The empty void inside is not pain-free. It is a deep, heavy, aching black hole that consumes everything in you. It has weight. It has gravity. It pulls at you from the inside and there is nowhere to go to get away from it, because it is you now, or it has eaten enough of you that it feels like it. The difference between you and it is getting harder to find.
That is not numbness. That is something else, and nobody tells you the real word for it because nobody who hasn’t been there has one.
I can still feel the empty void that had become my insides. The hopelessness that was right there, in my face, screaming at me to let go of the final thread of hope to which I clung. Yes, I had made stupid decisions in my past, who hasn’t. I had taken steps to throw me into a hole of despair, but I had not willingly gone head first into this sea of desolation and nothingness. It seemed that instead of being Midas with his golden touch, I had developed a touch that turned everything to shambles and shame. I could do nothing right, even things that I had done over and over, and well, turned into humiliation and fell apart. My mind was doing its best to completely shut out the world and turn off. There I lay, internally screaming at myself to get up, to keep going, that I wasn’t this weak piece of garbage and that I wasn’t allowed to quit. But my body wouldn’t move. I couldn’t make myself move.
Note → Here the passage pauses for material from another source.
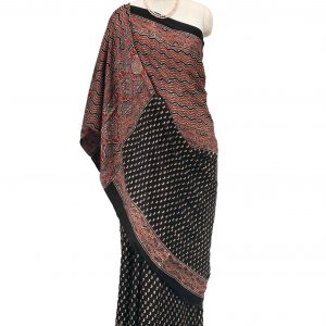 Ajrakh block printing model saree

How did I get here? Where did I slip and fall down 50 flights to the basement under the parking garage of rock bottom in life? I honestly cannot tell you. I only know that one day I was happy and today I cannot remember what happy feels like. I know that I took actions that caused a lot of this pain and agony, but I also know that some of this is so far beyond anything that makes sense.
Yet, here I sit. My reality is me, laying here, screaming at myself to get up, to keep moving, to stop being so weak. If I could only clean up the physical mess around me then maybe, just maybe I can organize the mental and emotional mess in my head. Hours pass, and I haven’t moved. All I can do is focus on keeping the self pity at bay. If I let it break the perimeter, it’s over.